Il me semble que pour s'assurer du regard citoyen, non-expert, il est important de poser un cadre concernant les attentes vis-à-vis du panel citoyen dès le départ de la démarche. Ensuite, il me semble que c'est de saisir les grands enjeux pour un territoire donné qui est important, au-delà de comprendre dans le détail les unités hydrologiques, les VP ou les DOE, afin d'identifier plus clairement les espaces parfois inattendus où des suggestions citoyennes peuvent trouver leur place.

La plus-value citoyenne : un équilibre délicat, mais avant tout, un regard sensible sur des questions complexes

La difficulté alors, et c'est la prochaine phase de notre accompagnement, c'est de s'assurer que les considérations citoyennes se retrouvent dans le document du PTGE et se traduisent par des actions concrètes appropriables. Par exemple, une fois que le groupe a identifié que le développement du territoire est actuellement basé un modèle d'expansion (le grignotage des surfaces agricoles, le développement de certains secteurs agricoles, l'expansion des zones artificialisées en Loire-Atlantique, etc) et que ce modèle est difficilement compatible avec la réduction des prélèvements en eau, comment est-il réellement possible de traduire cela par un programmes d'actions à mettre en œuvre localement ? Comment sortir de visions générales qui relèvent de politiques nationales pour les faire "atterrir" ici sur le bassin versant de Grandlieu ?

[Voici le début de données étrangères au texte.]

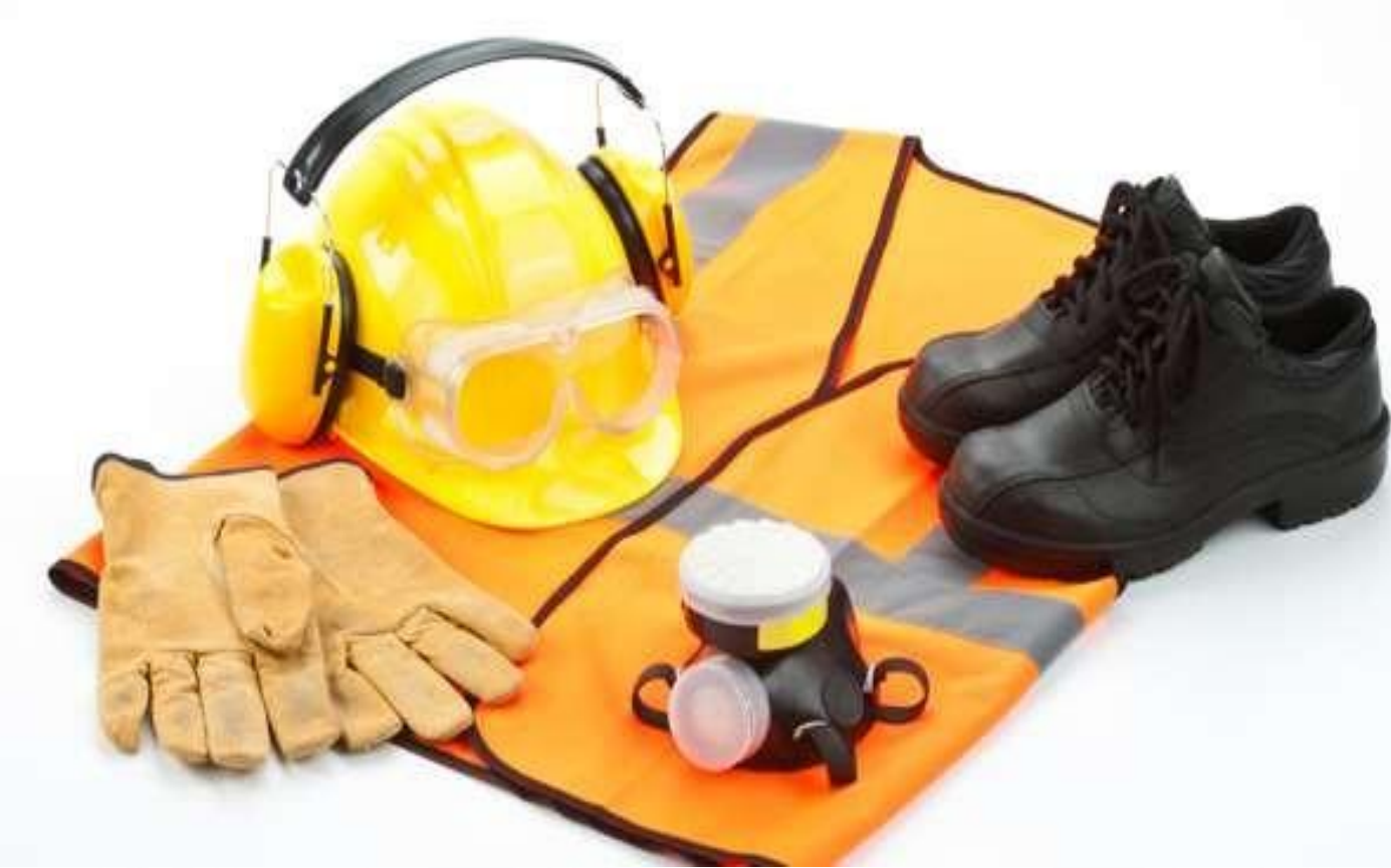
Kişisel Koruyucu Donanımlar (KKD)

La tentation est de proposer des solutions techniques qui permettent par exemple de diminuer la consommation d'eau tout en maintenant des activités économiques productivistes (par exemple le maraichage intensif qui a fait des efforts impressionnants pour diminuer sa consommation d'eau et qui continue de produire des tomates en hiver en réponse à la demande du consommateur). Mais le groupe est ni expert ni légitime pour ce faire et à mon sens il passerait à côté de ce qu'il peut apporter comme plus : un regard distancié et empreint de sensibilité qui vient requestionner nos modèles actuels. Notre rôle sera de veiller à trouver cet équilibre entre des prismes techniques et professionnels, humains et sensibles, pragmatiques et réalistes pour que le groupe citoyen influe véritablement le plan d'actions prévu dans le PTGE, et ce en dialogue et aux côtés des experts.